======== Task inputs ========
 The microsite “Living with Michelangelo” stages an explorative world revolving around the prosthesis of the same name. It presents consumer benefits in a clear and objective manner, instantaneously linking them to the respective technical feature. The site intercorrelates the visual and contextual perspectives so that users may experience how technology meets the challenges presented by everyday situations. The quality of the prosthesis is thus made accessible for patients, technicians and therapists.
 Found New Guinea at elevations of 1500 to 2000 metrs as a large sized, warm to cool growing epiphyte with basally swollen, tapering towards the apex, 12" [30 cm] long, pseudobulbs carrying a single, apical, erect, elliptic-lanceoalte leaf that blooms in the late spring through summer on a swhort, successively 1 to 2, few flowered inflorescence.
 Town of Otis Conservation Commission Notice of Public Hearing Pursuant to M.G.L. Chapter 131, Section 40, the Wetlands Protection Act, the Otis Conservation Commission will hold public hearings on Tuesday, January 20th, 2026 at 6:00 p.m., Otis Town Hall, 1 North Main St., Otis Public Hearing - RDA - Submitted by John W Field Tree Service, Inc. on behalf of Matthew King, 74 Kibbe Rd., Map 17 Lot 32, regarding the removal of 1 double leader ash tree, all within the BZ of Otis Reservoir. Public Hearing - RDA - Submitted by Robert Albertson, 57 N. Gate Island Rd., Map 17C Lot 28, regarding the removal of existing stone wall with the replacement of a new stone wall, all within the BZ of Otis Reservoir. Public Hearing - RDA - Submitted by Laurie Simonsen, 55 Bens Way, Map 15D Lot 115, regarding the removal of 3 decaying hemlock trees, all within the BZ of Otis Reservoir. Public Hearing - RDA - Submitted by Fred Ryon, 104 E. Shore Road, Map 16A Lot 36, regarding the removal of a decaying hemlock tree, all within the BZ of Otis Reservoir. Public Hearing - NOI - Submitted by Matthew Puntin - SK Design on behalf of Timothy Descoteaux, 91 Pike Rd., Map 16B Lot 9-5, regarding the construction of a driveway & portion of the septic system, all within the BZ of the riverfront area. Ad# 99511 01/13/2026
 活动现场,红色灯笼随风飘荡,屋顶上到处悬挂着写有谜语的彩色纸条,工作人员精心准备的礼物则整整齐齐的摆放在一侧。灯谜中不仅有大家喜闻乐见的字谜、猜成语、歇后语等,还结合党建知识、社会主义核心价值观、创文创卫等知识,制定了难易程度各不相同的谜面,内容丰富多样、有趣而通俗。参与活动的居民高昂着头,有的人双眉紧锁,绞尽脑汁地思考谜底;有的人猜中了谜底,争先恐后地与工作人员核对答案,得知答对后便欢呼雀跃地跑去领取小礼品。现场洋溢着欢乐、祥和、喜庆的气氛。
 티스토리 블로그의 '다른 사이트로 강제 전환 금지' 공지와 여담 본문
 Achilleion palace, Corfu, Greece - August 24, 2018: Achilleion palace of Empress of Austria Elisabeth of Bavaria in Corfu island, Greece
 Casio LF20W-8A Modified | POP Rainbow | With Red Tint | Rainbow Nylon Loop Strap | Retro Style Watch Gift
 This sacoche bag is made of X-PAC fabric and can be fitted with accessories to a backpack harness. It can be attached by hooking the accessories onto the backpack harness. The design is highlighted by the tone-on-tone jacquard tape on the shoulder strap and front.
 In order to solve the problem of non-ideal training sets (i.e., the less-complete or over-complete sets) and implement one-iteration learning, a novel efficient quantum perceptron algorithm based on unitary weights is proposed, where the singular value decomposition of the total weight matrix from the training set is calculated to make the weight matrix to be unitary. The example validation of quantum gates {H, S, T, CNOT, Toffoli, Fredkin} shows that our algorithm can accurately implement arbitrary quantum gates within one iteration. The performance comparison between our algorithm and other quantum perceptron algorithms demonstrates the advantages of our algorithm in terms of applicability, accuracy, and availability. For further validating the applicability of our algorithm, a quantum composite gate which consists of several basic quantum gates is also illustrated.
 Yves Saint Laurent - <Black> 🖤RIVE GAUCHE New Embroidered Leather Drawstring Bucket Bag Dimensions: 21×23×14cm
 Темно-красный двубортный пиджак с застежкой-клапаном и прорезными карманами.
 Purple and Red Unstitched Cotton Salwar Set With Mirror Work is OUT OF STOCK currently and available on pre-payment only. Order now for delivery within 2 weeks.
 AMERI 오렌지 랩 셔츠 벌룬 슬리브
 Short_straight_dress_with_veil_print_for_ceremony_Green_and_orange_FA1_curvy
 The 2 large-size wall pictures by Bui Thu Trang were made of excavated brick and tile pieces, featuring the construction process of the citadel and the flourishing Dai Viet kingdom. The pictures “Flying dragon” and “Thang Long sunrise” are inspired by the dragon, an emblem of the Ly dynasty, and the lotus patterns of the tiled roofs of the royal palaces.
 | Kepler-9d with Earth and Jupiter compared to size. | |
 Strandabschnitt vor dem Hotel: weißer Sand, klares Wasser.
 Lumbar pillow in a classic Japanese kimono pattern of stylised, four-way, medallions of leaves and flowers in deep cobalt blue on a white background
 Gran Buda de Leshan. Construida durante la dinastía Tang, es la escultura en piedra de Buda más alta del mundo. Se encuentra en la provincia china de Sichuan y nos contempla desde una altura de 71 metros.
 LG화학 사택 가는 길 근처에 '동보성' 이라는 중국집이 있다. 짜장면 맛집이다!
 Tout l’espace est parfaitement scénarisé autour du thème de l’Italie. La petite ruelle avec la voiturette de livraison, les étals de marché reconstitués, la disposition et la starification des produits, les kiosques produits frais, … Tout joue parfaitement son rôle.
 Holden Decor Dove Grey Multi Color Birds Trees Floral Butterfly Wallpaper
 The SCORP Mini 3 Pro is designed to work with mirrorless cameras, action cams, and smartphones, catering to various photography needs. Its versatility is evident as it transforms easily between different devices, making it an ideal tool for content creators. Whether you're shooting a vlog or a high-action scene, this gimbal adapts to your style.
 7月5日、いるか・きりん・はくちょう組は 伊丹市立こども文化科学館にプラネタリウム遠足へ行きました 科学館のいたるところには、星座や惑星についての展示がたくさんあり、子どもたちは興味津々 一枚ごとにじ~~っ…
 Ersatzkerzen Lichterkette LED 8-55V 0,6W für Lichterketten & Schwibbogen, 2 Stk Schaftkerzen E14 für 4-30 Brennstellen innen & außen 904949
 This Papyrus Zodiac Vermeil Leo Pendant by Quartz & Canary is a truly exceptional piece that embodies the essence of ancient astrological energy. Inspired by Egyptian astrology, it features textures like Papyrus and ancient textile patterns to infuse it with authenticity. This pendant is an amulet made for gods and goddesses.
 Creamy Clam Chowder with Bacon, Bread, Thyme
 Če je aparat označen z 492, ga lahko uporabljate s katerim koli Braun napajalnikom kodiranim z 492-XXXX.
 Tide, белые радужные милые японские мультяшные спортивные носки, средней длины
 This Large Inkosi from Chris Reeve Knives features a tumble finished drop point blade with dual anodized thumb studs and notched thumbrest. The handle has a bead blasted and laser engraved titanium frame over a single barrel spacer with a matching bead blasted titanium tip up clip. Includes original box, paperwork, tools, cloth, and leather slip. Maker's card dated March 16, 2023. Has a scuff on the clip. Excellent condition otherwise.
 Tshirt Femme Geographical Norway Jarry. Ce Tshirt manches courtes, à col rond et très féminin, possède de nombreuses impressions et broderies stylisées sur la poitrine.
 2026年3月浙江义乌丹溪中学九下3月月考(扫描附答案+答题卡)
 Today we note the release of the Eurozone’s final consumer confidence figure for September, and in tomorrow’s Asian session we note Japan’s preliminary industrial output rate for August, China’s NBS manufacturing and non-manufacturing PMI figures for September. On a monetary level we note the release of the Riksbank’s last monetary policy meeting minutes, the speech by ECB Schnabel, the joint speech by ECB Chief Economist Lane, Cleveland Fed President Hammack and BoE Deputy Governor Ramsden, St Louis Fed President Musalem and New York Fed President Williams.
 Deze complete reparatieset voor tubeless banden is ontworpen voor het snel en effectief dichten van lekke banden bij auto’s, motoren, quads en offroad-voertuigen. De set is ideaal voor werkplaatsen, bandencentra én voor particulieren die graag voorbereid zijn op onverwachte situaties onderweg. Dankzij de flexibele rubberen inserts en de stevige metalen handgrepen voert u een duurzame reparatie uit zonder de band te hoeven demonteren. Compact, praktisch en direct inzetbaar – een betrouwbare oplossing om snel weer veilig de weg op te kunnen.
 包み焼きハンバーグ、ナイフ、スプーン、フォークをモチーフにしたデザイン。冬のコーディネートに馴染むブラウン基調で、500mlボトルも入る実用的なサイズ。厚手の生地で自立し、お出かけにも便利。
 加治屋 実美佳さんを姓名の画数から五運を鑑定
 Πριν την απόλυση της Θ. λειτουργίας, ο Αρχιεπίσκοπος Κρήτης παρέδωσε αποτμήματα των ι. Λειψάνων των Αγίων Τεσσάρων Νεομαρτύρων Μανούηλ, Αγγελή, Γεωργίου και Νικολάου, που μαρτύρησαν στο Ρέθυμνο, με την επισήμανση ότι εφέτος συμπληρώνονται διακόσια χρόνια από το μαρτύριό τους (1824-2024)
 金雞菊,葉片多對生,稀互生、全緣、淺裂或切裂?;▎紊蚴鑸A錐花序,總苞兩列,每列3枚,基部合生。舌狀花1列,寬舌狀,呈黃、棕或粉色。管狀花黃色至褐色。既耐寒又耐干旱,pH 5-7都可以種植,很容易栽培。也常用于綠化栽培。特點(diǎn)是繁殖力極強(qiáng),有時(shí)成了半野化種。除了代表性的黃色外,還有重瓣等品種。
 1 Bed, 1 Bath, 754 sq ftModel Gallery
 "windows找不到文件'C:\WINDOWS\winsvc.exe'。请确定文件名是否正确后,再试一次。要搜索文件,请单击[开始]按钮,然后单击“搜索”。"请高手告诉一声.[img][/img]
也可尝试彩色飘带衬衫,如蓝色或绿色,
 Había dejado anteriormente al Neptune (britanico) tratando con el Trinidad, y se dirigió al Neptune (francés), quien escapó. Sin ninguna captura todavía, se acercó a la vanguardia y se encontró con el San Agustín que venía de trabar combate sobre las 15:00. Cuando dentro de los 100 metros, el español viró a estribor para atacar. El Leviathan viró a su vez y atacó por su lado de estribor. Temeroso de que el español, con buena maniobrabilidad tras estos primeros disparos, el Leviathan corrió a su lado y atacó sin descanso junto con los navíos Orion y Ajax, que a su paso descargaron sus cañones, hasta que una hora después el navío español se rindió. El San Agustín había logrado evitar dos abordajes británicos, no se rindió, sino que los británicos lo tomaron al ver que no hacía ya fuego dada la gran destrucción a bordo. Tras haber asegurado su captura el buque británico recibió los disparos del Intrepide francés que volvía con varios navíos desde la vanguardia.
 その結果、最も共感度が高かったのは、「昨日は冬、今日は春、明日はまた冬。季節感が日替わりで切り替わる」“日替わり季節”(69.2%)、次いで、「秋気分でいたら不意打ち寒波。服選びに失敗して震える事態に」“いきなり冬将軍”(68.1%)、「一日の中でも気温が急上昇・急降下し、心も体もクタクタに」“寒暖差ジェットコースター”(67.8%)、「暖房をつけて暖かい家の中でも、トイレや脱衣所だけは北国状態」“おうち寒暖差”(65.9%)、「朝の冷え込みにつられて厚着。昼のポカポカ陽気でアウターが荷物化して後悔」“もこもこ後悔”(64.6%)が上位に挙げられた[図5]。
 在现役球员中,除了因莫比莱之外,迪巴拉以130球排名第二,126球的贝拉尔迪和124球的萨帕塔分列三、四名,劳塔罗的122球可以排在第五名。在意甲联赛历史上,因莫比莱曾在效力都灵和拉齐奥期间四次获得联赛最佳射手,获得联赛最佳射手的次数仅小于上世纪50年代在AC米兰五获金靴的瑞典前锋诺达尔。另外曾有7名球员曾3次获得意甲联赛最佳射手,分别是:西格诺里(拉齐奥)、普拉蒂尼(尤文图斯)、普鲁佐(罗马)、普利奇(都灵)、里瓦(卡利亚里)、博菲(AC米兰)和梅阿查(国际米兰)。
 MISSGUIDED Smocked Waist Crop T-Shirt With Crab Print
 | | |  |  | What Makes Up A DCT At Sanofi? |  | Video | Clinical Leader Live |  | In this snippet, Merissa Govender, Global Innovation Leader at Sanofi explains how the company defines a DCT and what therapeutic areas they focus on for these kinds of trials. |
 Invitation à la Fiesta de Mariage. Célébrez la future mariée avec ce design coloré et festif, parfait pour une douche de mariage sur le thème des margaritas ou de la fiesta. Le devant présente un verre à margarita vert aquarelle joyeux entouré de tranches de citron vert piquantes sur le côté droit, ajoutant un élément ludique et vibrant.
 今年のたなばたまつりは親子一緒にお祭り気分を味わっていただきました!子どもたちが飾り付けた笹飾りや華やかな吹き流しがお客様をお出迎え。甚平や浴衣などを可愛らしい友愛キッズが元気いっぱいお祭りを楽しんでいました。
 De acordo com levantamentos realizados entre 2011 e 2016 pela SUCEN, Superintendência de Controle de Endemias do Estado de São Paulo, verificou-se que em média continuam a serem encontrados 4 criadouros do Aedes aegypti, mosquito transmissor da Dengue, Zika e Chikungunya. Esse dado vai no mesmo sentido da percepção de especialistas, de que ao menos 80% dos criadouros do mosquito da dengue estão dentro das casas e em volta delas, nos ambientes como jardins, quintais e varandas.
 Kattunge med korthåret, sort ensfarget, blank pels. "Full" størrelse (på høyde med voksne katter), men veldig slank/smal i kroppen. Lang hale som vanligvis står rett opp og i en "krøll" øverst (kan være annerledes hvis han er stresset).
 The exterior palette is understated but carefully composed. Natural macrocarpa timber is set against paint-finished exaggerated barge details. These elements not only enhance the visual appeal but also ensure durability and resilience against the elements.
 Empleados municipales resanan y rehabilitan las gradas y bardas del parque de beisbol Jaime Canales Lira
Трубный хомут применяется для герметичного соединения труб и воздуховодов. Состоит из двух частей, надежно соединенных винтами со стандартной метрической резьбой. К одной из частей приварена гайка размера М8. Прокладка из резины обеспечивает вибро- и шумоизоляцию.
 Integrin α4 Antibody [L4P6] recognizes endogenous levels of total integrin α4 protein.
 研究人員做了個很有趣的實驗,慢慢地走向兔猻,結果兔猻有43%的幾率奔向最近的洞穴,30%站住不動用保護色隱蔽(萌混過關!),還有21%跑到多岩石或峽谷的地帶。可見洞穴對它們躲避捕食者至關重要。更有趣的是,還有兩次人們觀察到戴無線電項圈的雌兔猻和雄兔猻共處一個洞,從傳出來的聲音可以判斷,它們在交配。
========
= Requirement =
Reproducing the whole listing above is not the task. Copy exactly only the lines from the one with "Creamy Clam Chowder with Bacon, Bread, Thyme" to the one with "Tide, белые радужные", both kept.

= Solution to this exercise =
 Creamy Clam Chowder with Bacon, Bread, Thyme
 Če je aparat označen z 492, ga lahko uporabljate s katerim koli Braun napajalnikom kodiranim z 492-XXXX.
 Tide, белые радужные милые японские мультяшные спортивные носки, средней длины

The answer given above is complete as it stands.